Shortlisted for this year’s Academy Awards Live-Action Short category, “The Present,” directed by Farah Nabulsi, took the Miami International Short Film Award. In the other short film categories, “Caro Comes Out,” directed by Brit Fryer and Caro Hernandez, took the $10,000 Knight Made in MIA Short Film Award, supported by Knight Foundation. For his work in Riz Ahmed’s British drama Mogul Mowgli, composer Paul Corley earned the $5,000 Alacran Music In Film Award and “Asi en la Tierra” by Joel Vázquez Cárdenas won the $5,000 WarnerMedia Ibero-American Short Film Award.

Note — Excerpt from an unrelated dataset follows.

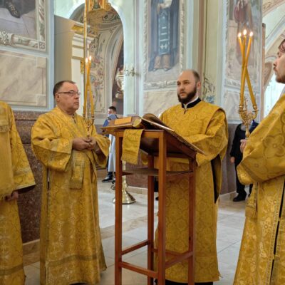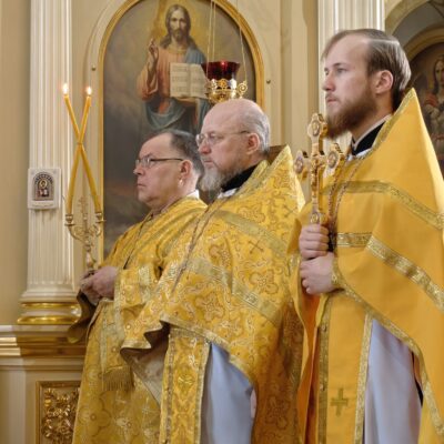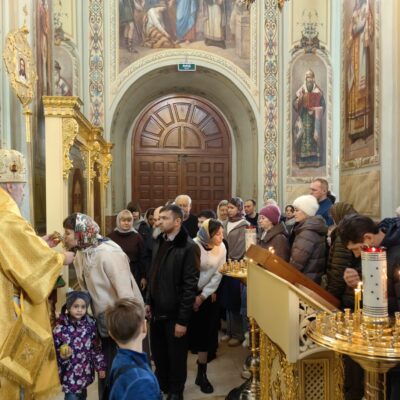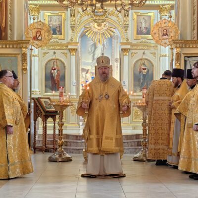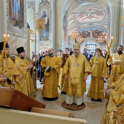 В завершение правящий архиерей поздравил духовенство и молящихся с праздником, причастников с принятием святых Христовых Тайн, преподал всем архипастырское благословение и пригласил в епархиальную трапезную на разбор очередной главы Евангелия и чаепитие.

Other awards include internationally acclaimed Spanish visual artist Raul Monage won this year’s Miami Film Festival Best Poster Award, presented by Oolite Arts, for his work on Christos Nikou’s Apples.

In some categories, jury members noted honorable mentions or runners-up. The Knight Made in MIA Award jury cited Edson Jean’s Ludi for a special mention, for “beautiful filmmaking that captures the truisms and mores of the Haitian community in Miami, succinctly and tenderly, that moved all of us.“ The WarnerMedia Ibero-American Short Film Award jury named four runners-up, including “Calladita”, “For Rosa”, “The Insomnia Plague” and “The Name of the Son”. The Best Trailer Award runner-up was The Saint of the Impossible; and the Best Poster Award runner-up was 1991.

The winner of the Documentary Achievement Award and the Audience Award for Feature & Short, determined by a vote from members of the Festival’s public audience, will be announced on Tuesday, March 16.